“But if there is trouble, Ned?” she persisted. “Supposing it does start?”
“I shall go with the chaps, of course, if that’s what you mean.”
“Knowing it’s useless, just to throw your life away?” she asked, quietly, not protestingly, but as one seeking information.
“I’ve eaten their bread,” answered Ned. “Whatever mad thing is done, however it’s done, I’m with them. I should be a coward if I stood out of it because I didn’t agree with it. Besides——”
“Besides what?”
“I believe in Fate somehow. Not as anything outside bossing us, you know, but as the whole heap of causes and conditions, of which we’re a part ourselves. But I don’t feel that there’ll be any real trouble though some of us’ll get into trouble just the same.”

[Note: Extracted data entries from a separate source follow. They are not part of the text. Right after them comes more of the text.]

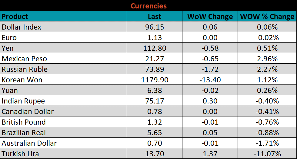Below is the Midwest HRC price vs. each listed country’s export price using pricing from SBB Platts. We have adjusted each export price to include any tariff or transportation cost to get a comparable delivered price. The Turkish and Brazilian differentials increased this week, with their prices falling further than the U.S. domestic price. The remaining countries (Korea, China & Russia) all saw their price differentials decline.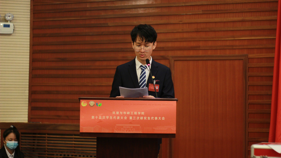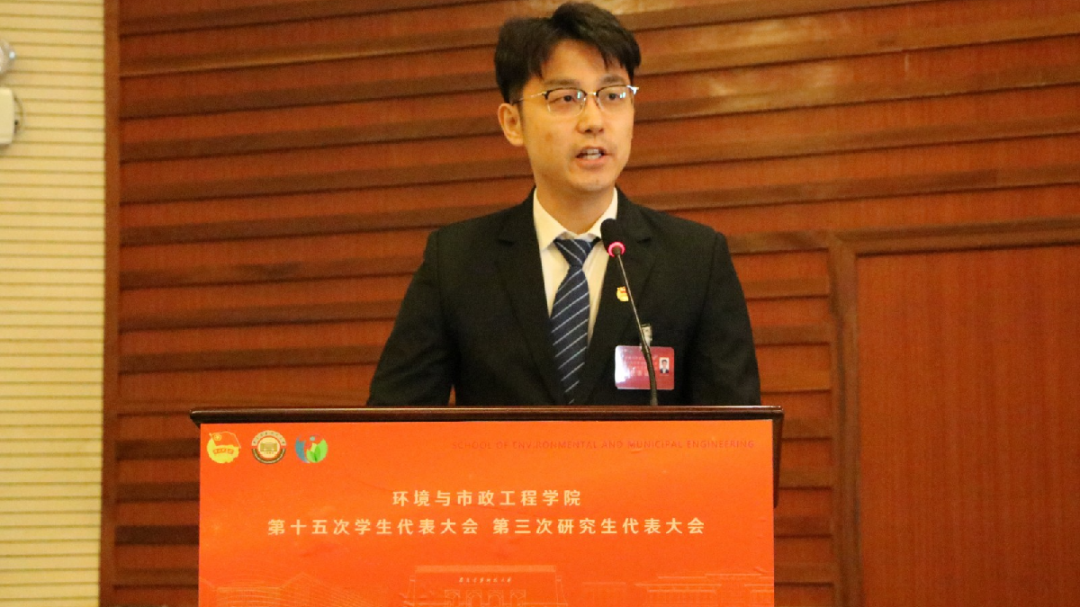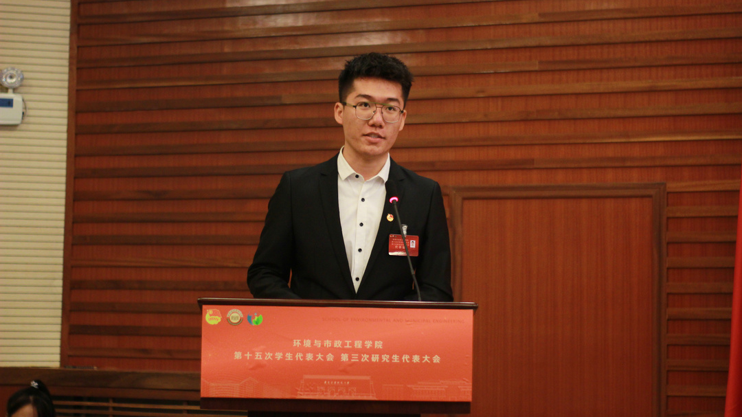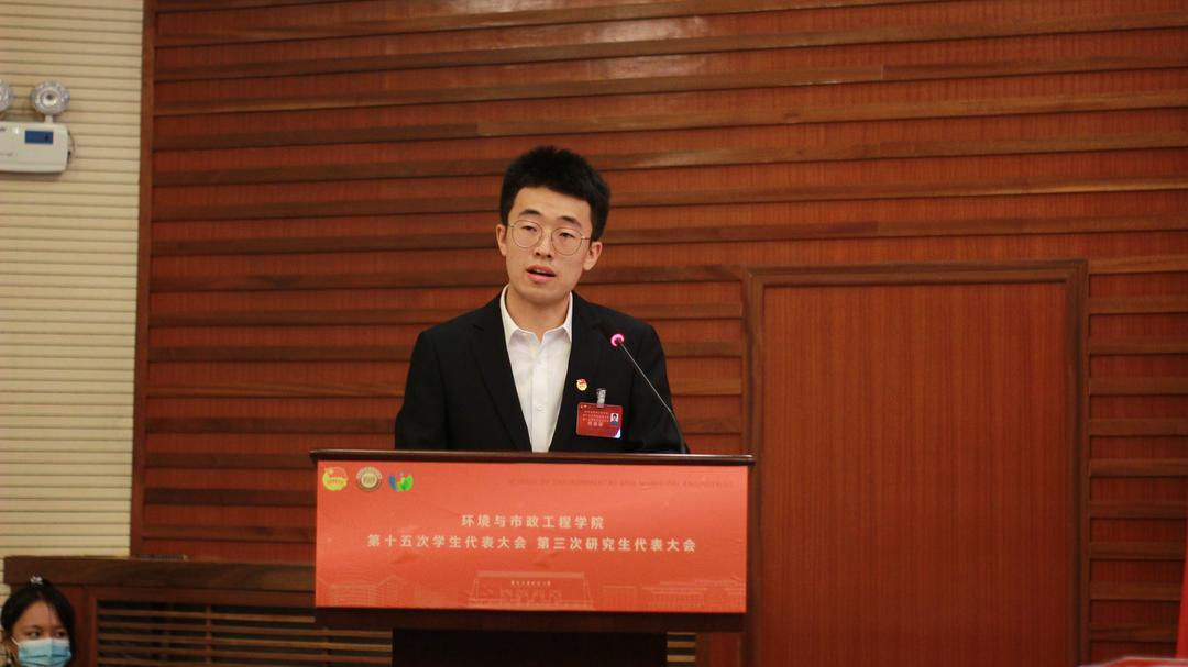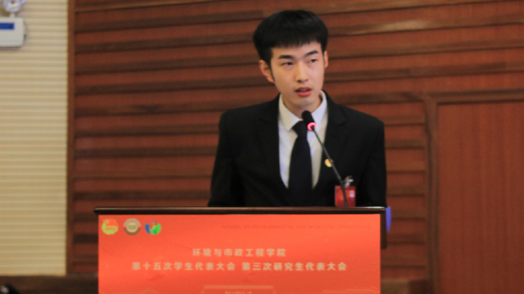 研究生会执行主席荆若松同学代表研究生会委员会作题为《肩负时代重任 矢志艰苦奋斗 团结带领广大环境研究生
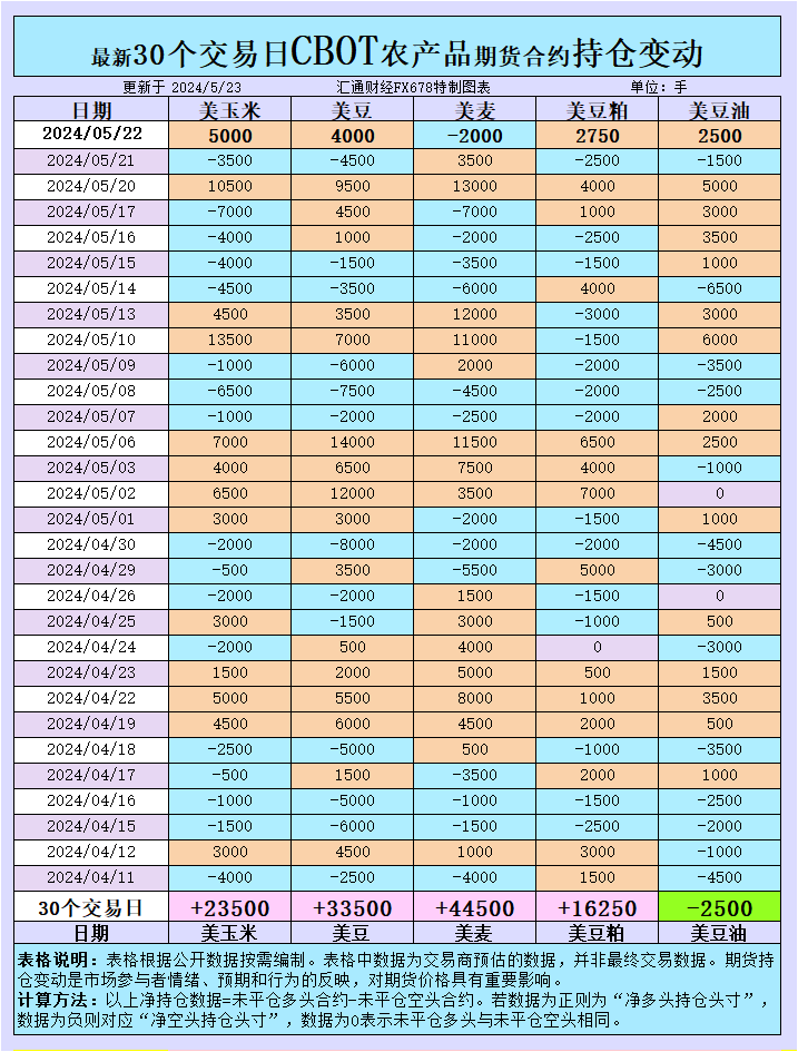 海外交易商估算的结果显示,本周三(5月22日),大宗商品基金增加CBOT美麦投机性净空头头寸。增加美玉米、美豆、美豆粕、美豆油投机性净多头头寸。最新30个交易日,大宗商品基金增加美豆粕、美麦、美玉米、美豆投机性净多头头寸,增加美豆油投机性净空头头寸。具体变动数据见图表。

“The Government will pick the big thistles, you mean.”
“Those they think the big thistles, I suppose. Of course the Government is only the squatters and the companies in another shape and they only want to break down the strike and are glad of any excuse that’ll give them a slant at us. They have a silly idiotic notion that only a few men keep the unions going and that if they can get hold of a dozen or two the others will all go to work like lambs just as the squatter wants The fellows here have heard that the Government’s getting ready to make a lot of arrests up there. I’m one.”
Nellie squeezed his arm again; “I’ve heard that. I suppose they can do anything they like, Ned, but surely they won’t dare to really enforce that old George the Fourth law they’ve resurrected?”
“Why not? They’ll do anything, Nellie. They’re frantic and think they must or the movement will flood them out. They’d like nothing better than a chance to shoot a mob of us down like wild turkeys. They have squatter magistrates and squatter judges—you know we’ve got some daisies up in Queensland—and they’ll snap up all the best lawyers and pack the jury with a lot of shopkeepers who’re just in a panic at the newspaper yarns. The worst interpretation’ll be put on everything and every foolish word be magnified a thousand times. I know the gentry too well. They’ll have us sure as fate and all I hope is that the boys won’t be foolish enough to give them an excuse to massacre a few hundred. It’ll be two or three years apiece, the Trades Hall people have heard. However, I suppose we can stand it. I don’t care so long as the chaps stick to the union.”
“Do you think they will?” asked Nellie, after another pause.
“I’m sure they will. They can rake a hundred of us in for life and knock the union endways and in a year there’ll be as much fight in the boys as there is now, and more bitter, too. Why they’re raising money in Sydney for us already and I’m told that it was squeezed as dry as a bone over the maritime strike. The New South Wales fellows are all true blue and so they are down Adelaide way, as good as gold yet. The bosses don’t know what a job they tackled when they started in to down unionism. They fancy that if they can only smash our fellows they’ll have unionism smashed all over Australia. The fun will only just have started then.”